Opinioni sulla riforma del lavoro sportivo

C’è una cosa che tutte le società sportive si sono sentite chiedere almeno una volta negli ultimi mesi:
“Avete sistemato i contratti?”

Una domanda semplice, quasi banale.
Ma dietro quella frase si nasconde una rivoluzione che ha cambiato – spesso in silenzio – il lavoro quotidiano di chi tiene in piedi lo sport dilettantistico in Italia.

La riforma del lavoro sportivo non è rimasta sulla carta. È entrata nei file Excel, nelle chat con il commercialista, nei confronti tra dirigenti, allenatori, collaboratori.
Ha portato nuove regole, nuovi obblighi, nuove parole. E con loro, un peso non indifferente: la sensazione costante di dover fare tutto bene, senza sapere esattamente come.

Per capirci qualcosa di più, abbiamo fatto quello che facciamo sempre: ascoltato.
Abbiamo chiesto alle ASD e SSD cosa pensano davvero del nuovo inquadramento, come lo stanno vivendo, cosa li ha messi in difficoltà e cosa – se qualcosa – li ha aiutati.

Il risultato? Nessun bianco o nero. Ma tante sfumature. Tanta fatica. Tanta voglia di fare bene, nonostante tutto.

La riforma? Andava fatta, ma così ha creato più problemi che soluzioni

Quasi nessuno ha detto che il cambiamento fosse inutile.
La maggior parte delle società riconosce che era necessario “mettere ordine” nel mondo del lavoro sportivo.
C’è chi parla di “giungla” di collaboratori non dichiarati. Chi dice che finalmente si è data dignità a figure troppo spesso invisibili.

Ma riconoscere la necessità non significa accettare il modo.
E su questo, il messaggio è stato forte e chiaro: la riforma è arrivata troppo in fretta, troppo dall’alto, troppo fuori contesto.

“Abbiamo messo ordine in una giungla… ma abbiamo anche affondato le piccole ASD non in grado di gestire tutta questa burocrazia.”

Le critiche più frequenti riguardano la mancanza di ascolto da parte delle istituzioni, i tempi sbagliati, i continui cambi in corsa. Alcuni ci hanno raccontato di contratti già firmati prima che venissero chiarite – e in certi casi cambiate – le soglie economiche da rispettare, soprattutto per i rimborsi ai volontari.
Altri hanno dovuto rifare tutto da capo dopo che una circolare o una FAQ aveva cambiato le carte in tavola.

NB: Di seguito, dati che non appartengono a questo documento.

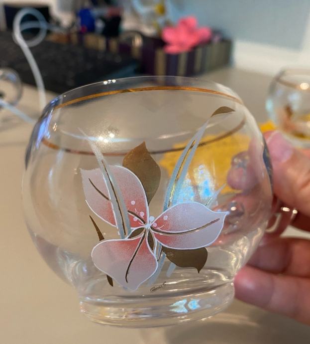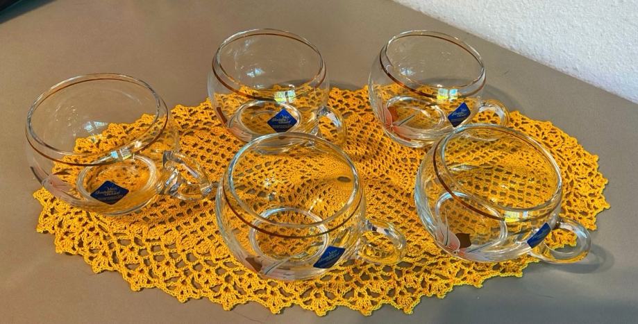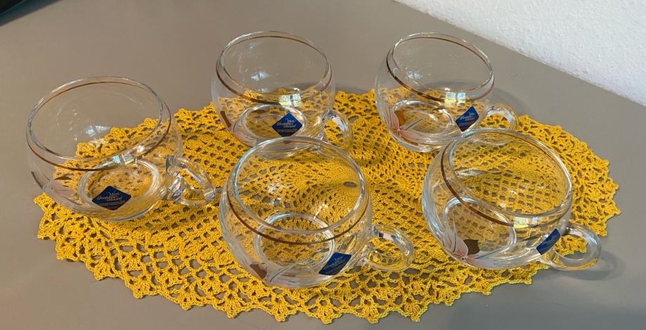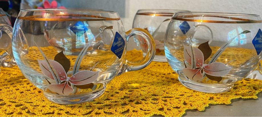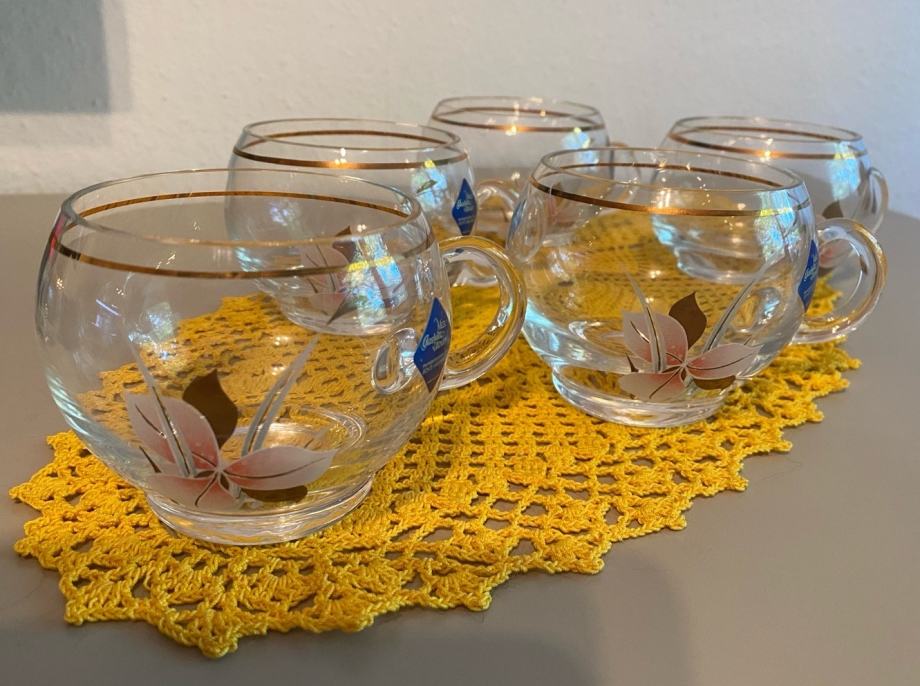 Komplet vintage, pihani, stekleni in ročno poslikani kozarčki. Komplet jih vsebuje 5, saj je zadnji malenkost oškrbljen na zgornjem robu - zadnja slika - in ga kupcu podarim. Pošljem tudi po pošti.

C’è anche chi si è fermato a riflettere sul vero impatto sui lavoratori.
In molti casi, l’inquadramento obbligatorio ha generato effetti collaterali paradossali: doppie posizioni INPS, perdita del diritto alla cassa integrazione, assenza di copertura reale.

“È giusto regolamentare. Ma se chi prende 200 euro al mese si trova con più problemi che vantaggi, allora forse qualcosa non ha funzionato.”

I dubbi delle società: incertezza continua, paura di sbagliare

Quando abbiamo chiesto alle società sportive se hanno mai avuto il dubbio di fare qualcosa “nel modo sbagliato”, la risposta più diffusa non è stata un sì.
È stata: “Ogni giorno.”

Il nuovo inquadramento dei collaboratori sportivi, per molte ASD, ha significato una cosa sola: insicurezza costante.
Non sul concetto. Ma sulla pratica.

Come si calcola il compenso se le presenze cambiano?
Chi deve essere registrato?
Serve un contratto anche per chi fa due ore al mese?
Si può correggere un errore nel RASD senza ricevere una sanzione?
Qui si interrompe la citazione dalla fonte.